Thread-220 got value 1 
Thread-224 got value 5 
Thread-221 got value 2 
Thread-226 got value 8 
Thread-227 got value 7 

End Main



Thread-224 got value 6 

Thread-226 got value 9 

Thread-221 got value 3 

Thread-224 got value 10 


Thread-221 got value 4 



We can see that threads of different names are given the values. They are not sequential but all of the values from the queue get processed. 
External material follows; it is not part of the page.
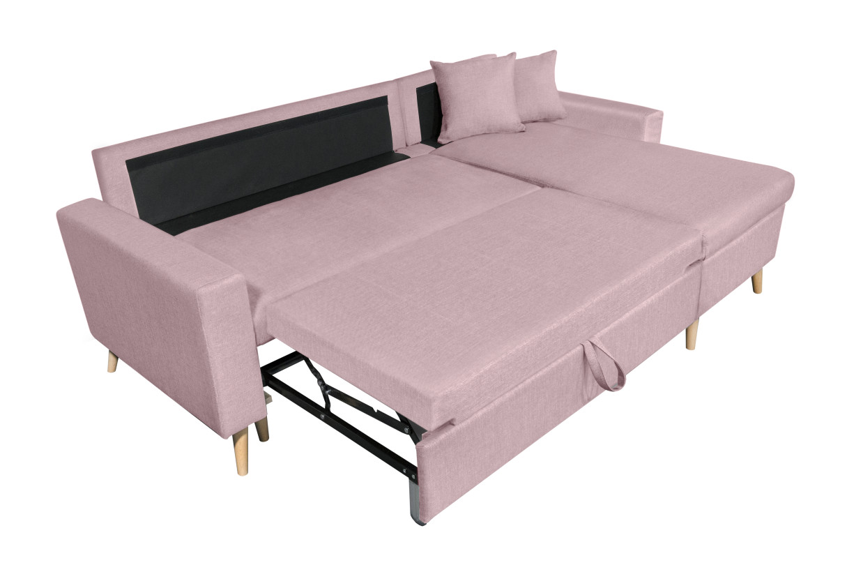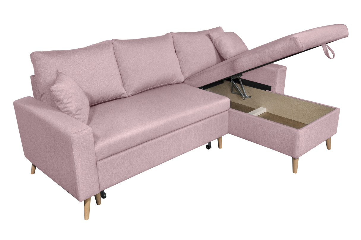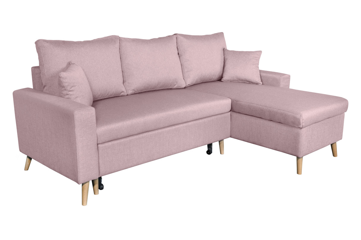 Canapé d'angle MARIA SCANDINAVE Réversible et convertible Avec Coffre en Tissu - Vieux rose

### Why are we using a daemon thread?

From the [Python Documentation](https://docs.python.org/2/library/threading.html#thread-objects)
>  The significance of this flag is that the entire Python program exits when only daemon threads are left. The initial value is inherited from the creating thread.

By setting threads as daemon threads you can let them run and forget about them, and when your program quits and remaining daemon threads are killed automatically. Some threads that run background tasks are only useful when the main program is running so it's okay to kill them off once the other, main or non-daemon, threads have exited. By flagging them as `daemon=True` they are automatically killed when the main thread is exited.